Chadwick, O., Roering, J., Heimsath, A., Levick, S., Asner, G., & Khomo, L. (2013). Shaping post-orogenic landscapes by climate and chemical weathering. Geology, 41(11), 1171-1174. doi:10.1130/G34721.1.


Zitierlink: https://hdl.handle.net/11858/00-001M-0000-0014-694E-4
Zusammenfassung
The spacing of ridges and valleys reflects the competition between diffusive transport on hill slopes and advective transport in channels, although the underlying lithologic, tectonic, and climatic controls have not been untangled. Here, we measure geochemical and geomorphic properties of catchments in Kruger National Park, where granitic lithology and erosion rates are invariant, enabling us to evaluate how varying rainfall (MAP=470, 550, and 730mm) impacts ridge-valley spacing. Catchment-average erosion rates, based on 10Be concentrations in river sands, are low (3 to 6 m My-1) and vary minimally across the three sites. Our lidar-based, slope-area trends reveal that hill slopes in the dry site are gentle (3%) and short (area of hill-valley transition is 75m2). The terrain has low relief and is highly dissected by small channels. With increasing rainfall, hill slopes lengthen (transition area increases from 220 to 700m2) and increase in gradient (6 to 8%), resulting in fewer, higher relief catchments.
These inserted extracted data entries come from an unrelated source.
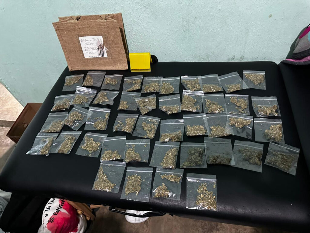 Posteriormente, los agentes se dirigieron a otro domicilio en la calle Gama Oriente entre Orión Sur y Centauro Sur, donde también se decomisaron varias dosis de presunta droga similar a la marihuana y el cristal.
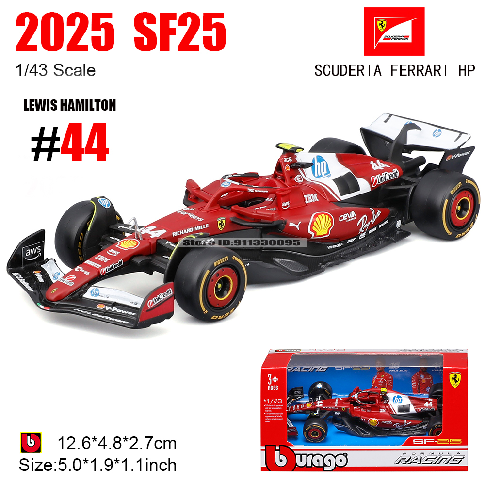 Bburago 1:43 F1 2025 Scuderia Ferrari HP SF25 #16 Charles Leclerc #44 Lewis Hamilton Modelo de Carro de Liga Diecast
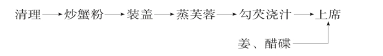 (2)炒蟹粉:用清油50克,将姜、葱末略煸起香,下蟹粉煸炒出香,调入绍酒、精盐、白胡椒,炒透入味。
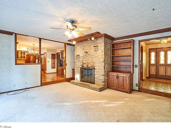Wonderful all brick ranch on approx 7 acres. One owner home! Over 2000 sq ft 3 bedrooms 3 baths. Tiled foyer welcomes you into this home. Large living room / dining room combined. There is sunken family room with a beautiful wood-burning fireplace with built ins on both sides. A slider from the family room leads to a brick patio with a gazebo. The family room flows into the kitchen which has hardwood floors and stainless steel double ovens. This is wonderful space for the cook in the family. Off the kitchen is the back hall with a full bath, the garage access , basement access and another door exits to the back yard with a deck and hot tub! The master bedroom also has hardwood floors and a private bath. There are 2 additional spacious bedrooms with great closet space. The basement is large and ready to finish, but there already is a 17 x9 room finished in the lower level with carpet. This home sits on 7.14 acres with a private backyard a 3 bay pole barn 30 x 30. Roof tear off in 2021! Copley Fairlawn Schools!!!
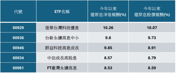 不只領息也要跟大盤!00929納權值股、今年報酬逾10% 居高股息ETF冠軍
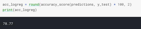 Not bad, having only a few features as an input, our prediction model has 78% accuracy. We can increase the accuracy score by doing more feature engineering to extract the most value from the input features.
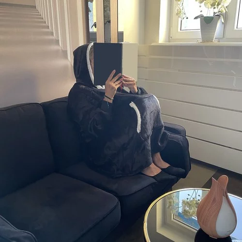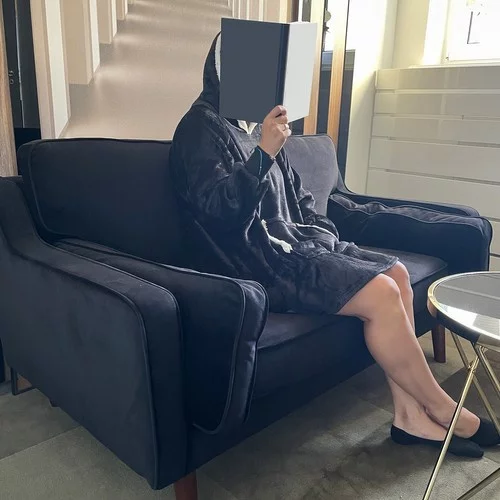 • 2 az 1-ben – pulóver és takaró egyben, ideális otthoni pihenéshez
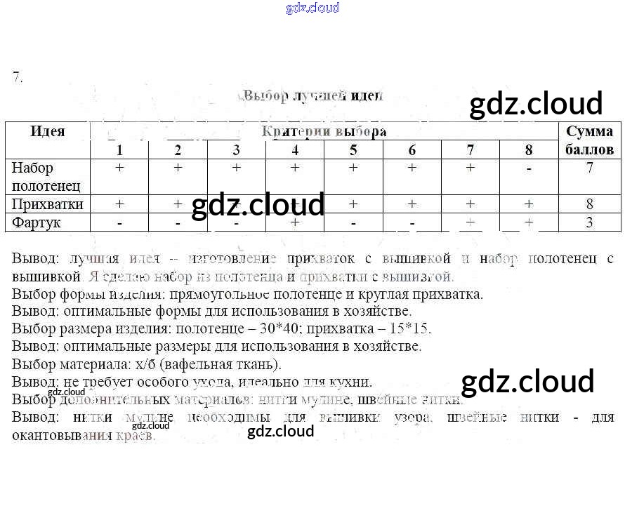 Ответ на задание 7 Рабочая тетрадь Технология за 7 (седьмой) класс Синица Алгоритм успеха 2018 ФГОС онлайн и без номера телефона.
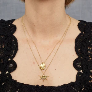NECKLACESThe Ceres Necklace is a meticulously crafted celestial-inspired accessory featuring two fine gold chains. One chain is adorned with a coin embossed with a star motif and set with a precision-cut crystal, while the second chain carries a detailed starburst charm. This design offers an immediate layered effect, combining subtle texture and sparkle to enhance any ensemble. Length: 44 cm + 4 cm extender, Charm: 2 cm 18 ct gold plated brass£39.00 -
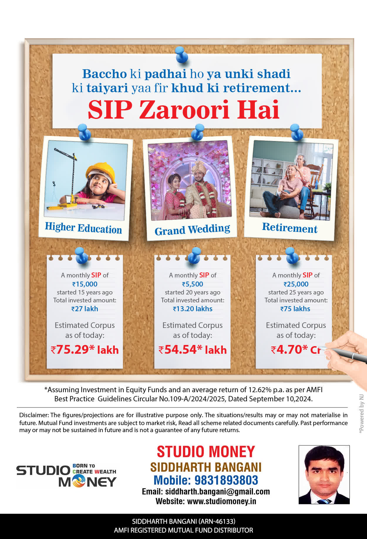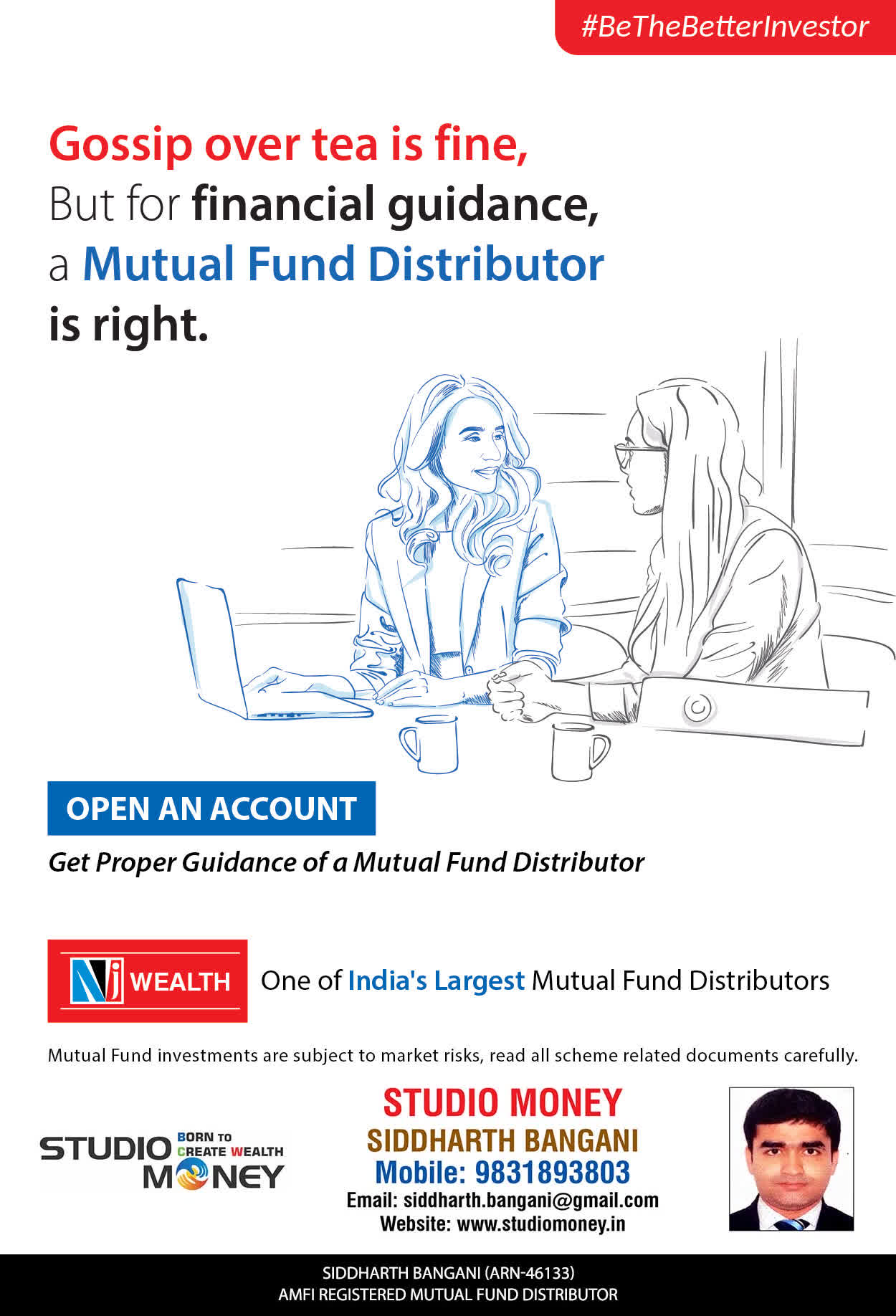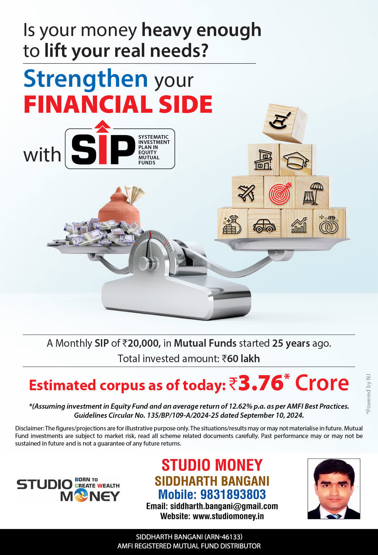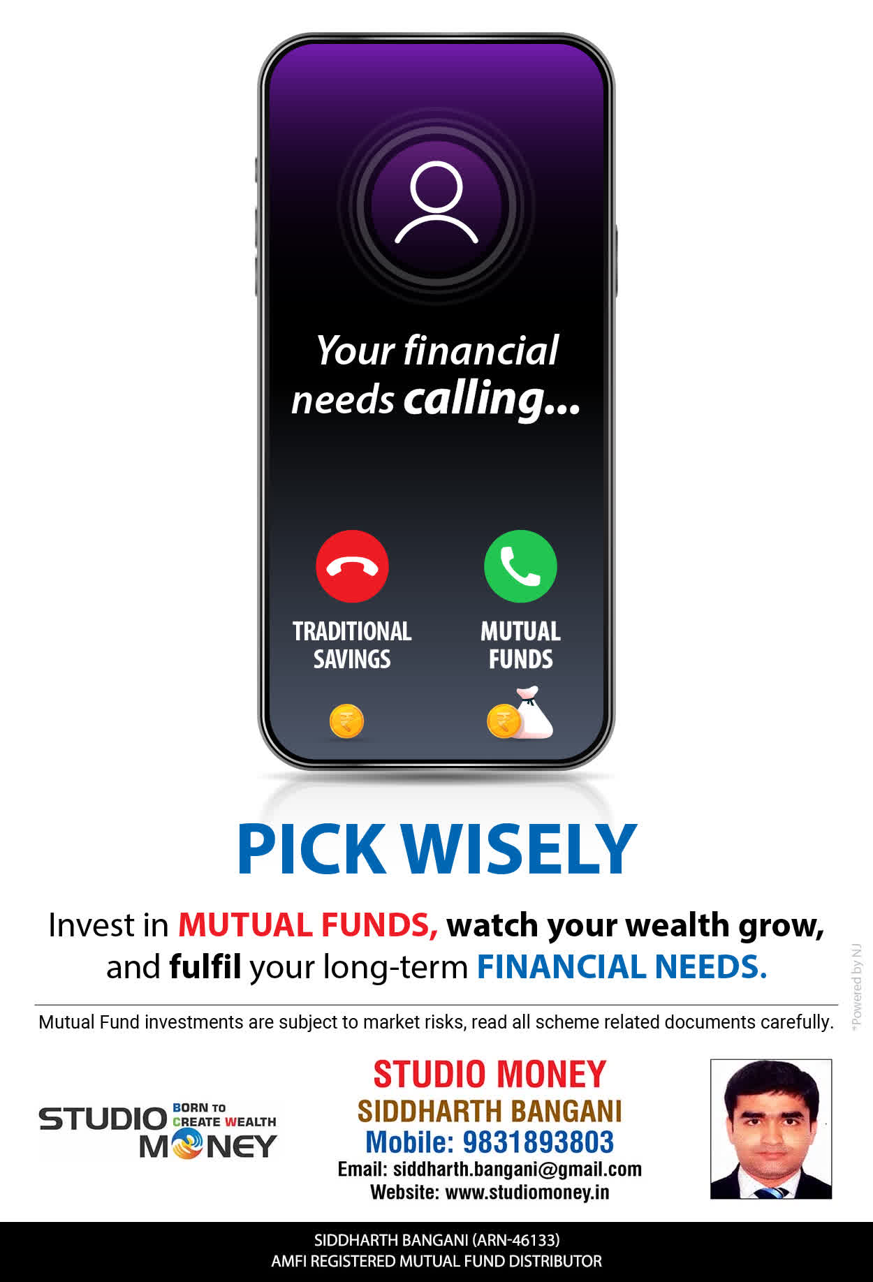 At STUDIO MONEY, our mission is to provide our clients with the comprehensive, competent, customised and classy best solutions in wealth creation and wealth management areas. We are driven to provide clients with simple, unbiased and uncluttered professional advice that adds value to their quality of life and results in actionable solutions.
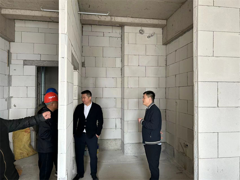 對公司在建項目的視察工作中,集團副總裁周春雷首先到達B-1#樓17層,討論現(xiàn)場使用砌塊及石膏抹灰工藝及隔音效果,并逐層向下巡視。之后來到9層查看酒店客房衛(wèi)生間改造,對酒店衛(wèi)生間改造后整體效果進行點評,后查看了酒店走廊的綜合管線排布并提出合理化建議。最后巡視了酒店宴會廳及大堂部分,對電梯門裝飾及電梯轎廂裝修提出問題并于效果圖進行對比并要求更改方案。副總裁認為現(xiàn)場的工作進度有所緩慢,項目部要及時督促施工方增加施工人員,在保證安全質(zhì)量的情況下,加快進度,要在業(yè)主要求的工期節(jié)點前完成所有工作。視察中,周春雷對項目部關(guān)于安全質(zhì)量方面做出的工作給予了充分的認可,認為工程管理中各項工作井井有條、穩(wěn)步推進、值得肯定。
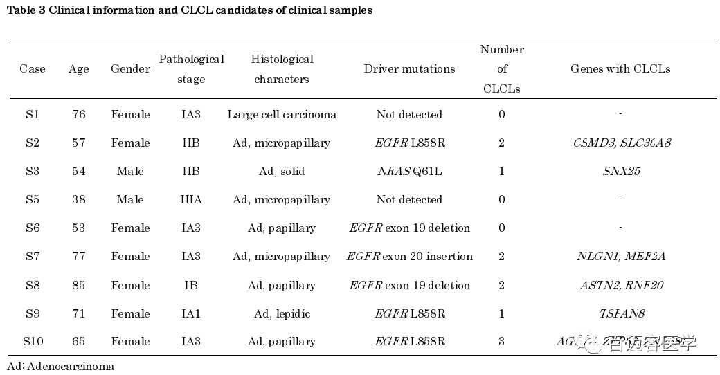為了檢查臨床肺癌肺腺癌病例中是否也存在CLCL,對(duì)9名日本肺腺癌患者的手術(shù)標(biāo)本進(jìn)行了類似的PromethION全基因組測序(表3)。表3中顯示了每個(gè)患者所檢測到的驅(qū)動(dòng)基因突變。平均每個(gè)case生成了43,953,136,203 bp的序列(深度大于10倍)。對(duì)于S10病例,還對(duì)正常組織標(biāo)本進(jìn)行了測序,以消除可能的正常組織變異和源自比對(duì)錯(cuò)誤的可疑CLCL。

The chemical depletion fraction of ridge-crest regoliths increases with rainfall from 0.3 to 0.7, indicating progressive increase in chemical relative to physical erosion. In the dry site, catenas are relatively undifferentiated, but intermediate and wet site catenas have leached sandy crests and upper side slopes complemented by clay accumulation zones further down slope. The texture of this granitic landscape appears to be set by climate-driven feedbacks among chemical weathering, regolith fabric differentiation and hydrological routing that enhances the vigor of diffusive transport relative to advective transport.